This means, in general, insertions increase the height of the tree.

## Removal

There are 3 cases you need to handle for removing a node $N$ from BSTs:

$c h i l d r e n (N) = 0$ : Just delete $N$ .
$c h i l d r e n (N) = 1$ : Replace $N$ with its child only child.
$c h i l d r e n (N) = 2$ : Replace $N$ with the minimum from the right subtree (i.e. bottom left on right). We call this the in-order successor
- We could also do max from the left subtree (i.e. bottom right on left, the in-order predecessor), but here we'll only be doing in-order successors because it makes grading easier.

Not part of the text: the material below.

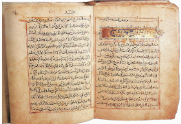
شكل رقم (٦)، مخطوطة «الكتاب المقدس»، مكتبة البطريكية، سنة ١٢٣٤م.

كما نلاحظ في نفس المخطوطة سفر المثناة أي «التثنية»، وهو سفر العهد والحب الإلهي، محور السفر الله خليلي يعطيني وصيته، فهو سفر تذكرة دائمة لوصايا الله. لذلك بدأ الناسخ سفر التثنية بـ«بسم الله الواحد ذي القدرة والجبروت».

This is basically a lookup (find the element to remove and find the lowest), so it has a runtime based off height.

## Runtime

In summary, where $n$ is number of nodes in tree and $h$ is height of tree:

Look Up: $O (h)$
Insertion: $O (h)$
Removal: $O (h)$

For balanced, complete trees, this means that everything is $O (l o g n)$ because for complete trees $O (h) = O (l o g n)$ . (Because $n \leq l o g_{2} (h)$ )

For unbalanced, non-complete trees, this means that everything is $O (n)$ because $O (h) = O (n)$ .

This means the worst case performance for everything is $O (n)$ .

# Balanceable Binary Search Trees

As we just covered, BSTs are most efficient when they are balanced (e.g. almost complete). Therefore, we can get improved performance if we get try to keep a balanced tree.

It should be pretty easy to see that the only operations which can make a balanced tree unbalanced are get and put.

## Rotations

To maintain a tree as balanced, we must do rotations. A left rotation is where you take the left child $L$ of a node $N$ and make it so that $L$ is a parent of $N$ and $N$ is the right child of $L$ . Vice versa for right rotations.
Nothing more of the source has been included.